CREATE TABLE [dbo].[web_site_styles](
      [ws_id] [int] NOT NULL,
      [website_style] [varchar](60) NULL,
      [style_value] [varchar](60) NULL

.. and I am querying it like this:

SELECT website_style, style_value WHERE ws_id=234

ws_id is NOT unique, and this query should return multiple rows (around 200). The table can contain several million rows, and is not updated frequently so think it is an ideal candidate for indexing? Can someone provide me with all the ways I can optimize the querying of this table. I am not only interested in database structure improvements, would stored procedures help here for example?

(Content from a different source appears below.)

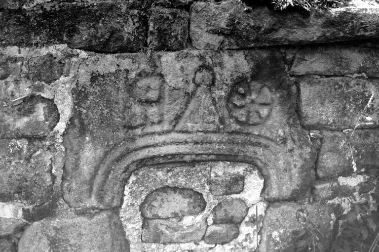 Maison au bourg (6, parcelle 1022) : façade nord, fenêtre, détail du linteau sculptéImmatriculation
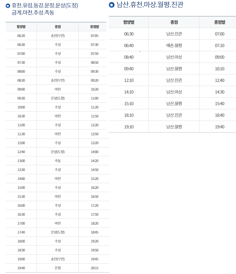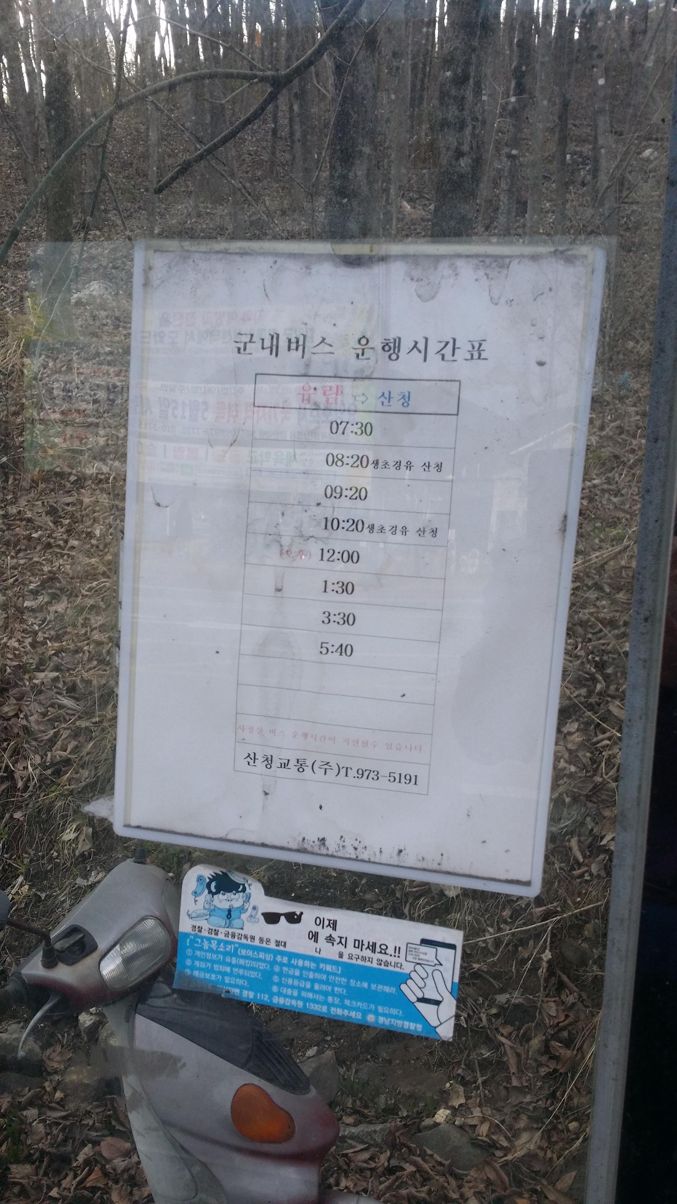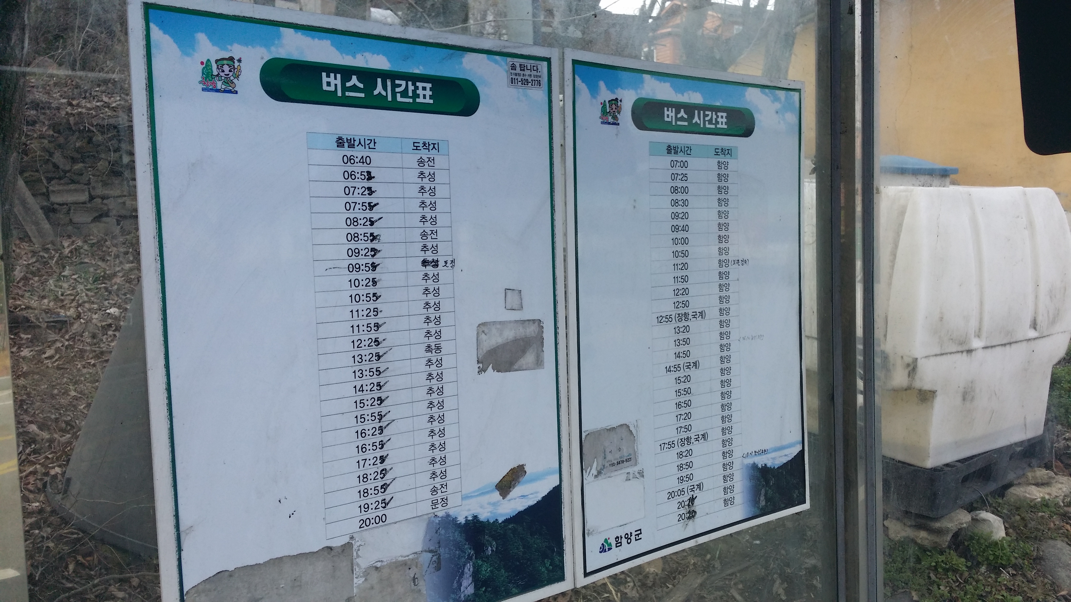 16:19 유림대략 종점에서 30분후 유림에서 출발하는것 같다.16:20 / 함양에서 16시에 출발한 추성행 버스가 16시22분경 목적지로 향한다추성에서 16시20분 출발한 버스가 16시48분경 도착하여 16시50분 함양을 향해 출발산방기간 때문에 백무동버스가 운행 중단된 상태인데 1년에 산방기간 2.5개월 운휴하고도 운영이 되는갑네

I am literally calling the above SQL with a single parameter for the ws_id column.

Thanks in advance
Who is Participating?
Scott PletcherConnect With a Mentor Senior DBACommented:
Cluster the table first on ws_id, 100%, NO question about it.

You can add an identity after that column to make it unique if you really want to, but it's not necessary.

Is ws_id a naturally, continually ascending value (at least 95% of the time)?  If so, you're pretty much good.  Rebuild the table when it does eventually get too fragmented, as with any other table.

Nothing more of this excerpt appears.